Beneath this task are records; count how many lines include the string "left" and answer with that number alone.

Data to examine ->
┌──
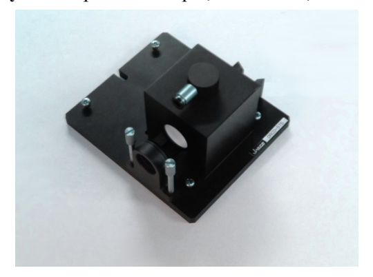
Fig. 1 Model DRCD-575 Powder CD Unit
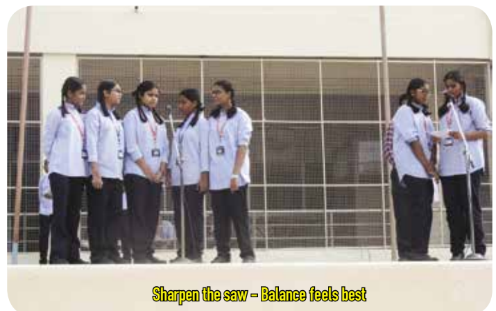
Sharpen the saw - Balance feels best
└──
┌──
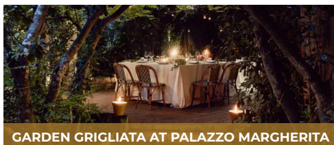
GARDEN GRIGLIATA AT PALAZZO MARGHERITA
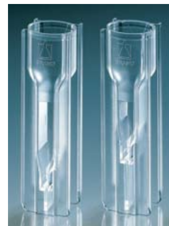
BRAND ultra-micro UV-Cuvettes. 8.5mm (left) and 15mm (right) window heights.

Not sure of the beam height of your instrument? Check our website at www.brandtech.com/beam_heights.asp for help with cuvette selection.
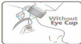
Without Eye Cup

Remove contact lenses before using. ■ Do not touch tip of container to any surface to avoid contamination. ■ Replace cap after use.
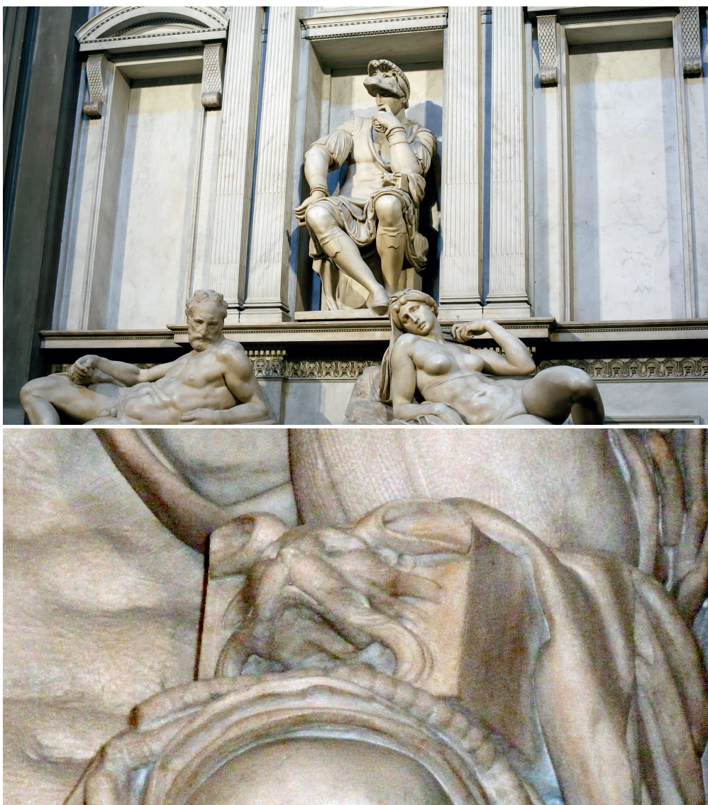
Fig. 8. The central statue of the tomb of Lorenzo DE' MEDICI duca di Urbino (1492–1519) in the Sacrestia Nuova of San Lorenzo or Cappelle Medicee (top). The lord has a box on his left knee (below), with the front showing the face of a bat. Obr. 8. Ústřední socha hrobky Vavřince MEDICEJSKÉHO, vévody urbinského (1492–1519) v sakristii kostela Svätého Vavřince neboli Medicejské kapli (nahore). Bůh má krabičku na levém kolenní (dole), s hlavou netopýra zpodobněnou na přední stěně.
└──
Solution below ->
2